HENDERSON: “So, if they were to come back, say, in two years with a better plan, from your perspective, you’re open, then, to the conversation?”

PATTERSON: “Yes. Yes, I am.”



“Why does medical cannabis get such unjust consideration in Oakland County? We give all business to south of Eight Mile,” asked an anonymous listener. Live caller JoAnne in Detroit had a similar question, focusing on the possible tax revenue Oakland County might be missing out on by keeping medical marijuana distributors out.

Listen to Patterson and Henderson discuss the issue

PATTERSON: “I don’t think the clinics – or whatever you want to call them – that opened up in abandoned gas stations is hardly what the public had in mind when they thought that medical marijuana – I think they had the same idea that they’d be authorized and dispensed by a pharmacist in a white coat. But you go into a gas station and say, ‘Hey, I’ve got a bad elbow. I need my medical marijuana,” which is really what began to happen.

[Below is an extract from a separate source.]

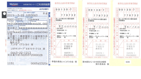 ・湘南ケーブルネットワーク(株) 2019年度上期分寄付 600.000円

I guess you’ve got to go back to my prosecutor days, OK? I was prosecuting attorney from (1972) to (1988). And… marijuana itself – not medical marijuana – marijuana itself is a hallucinogenic drug. The active ingredient… is THC. Everybody knows THC is a mind-expanding, mind-altering drug. So… with medical marijuana… I didn’t vote for it, but I really think people thought it would be controlled. The authorizing legislation, which was done by referendum, was sloppy, it lacked detail, and they’re going to go back now, back to the drawing board, and try to come up with something with a little more sense to it.”

HENDERSON: “So, the idea of tax revenue, though, from these clinics doesn’t somehow overtake those concerns for you?”

PATTERSON: “No. It’s just, when it comes to things like that, I just tend to think that taxes – yes, I’d love to have the revenue, I guess (it could bring in) $100 million or something like that? So, it’d be important. But do we have any social consequences that the taxes just don’t offset? I just think the introduction of another drug keeping pace with alcohol and tobacco is about the last thing we need. But it goes back to my days as prosecutor. I was told that I’ve got some issues with my cholesterol, I think it was, and the medical marijuana could, in fact, be useful. So, I’m not ruling it out as a valid argument. But I’m just saying we better have a better reason than revenue. Otherwise, we can legalize prostitution, there might be revenue there. We can legalize heroin, there might be revenue there.”

HENDERSON: [Laughs] “That’s a little different, but I see where you’re going.”

PATTERSON: [Laughs] “Well, I know. But revenue ought not be the guiding principal.”



Listener Garry asked, “Oakland University ranks dead last among 15 state colleges in appropriation funding per student from the state. Can you help fix this?”

Listen to Patterson’s answer

PATTERSON: “It’s beyond the authority of the county exec. It’s a state funding issue, but OU is continuing to grow. They’re pushing 22,000 (students) now and they’re almost there. They’ve outstripped the housing. If we are dead last, I didn’t know that stat(istic). If we are dead last, it certainly isn’t affecting the students who are coming there, and now the new medical school they really have an excellent curriculum of courses, from computer technology to engineering, which of course are the jobs of the 21st century … I was unaware that they were in dead last. I’ll have to look that up, but it certainly hasn’t hurt the enrollment.”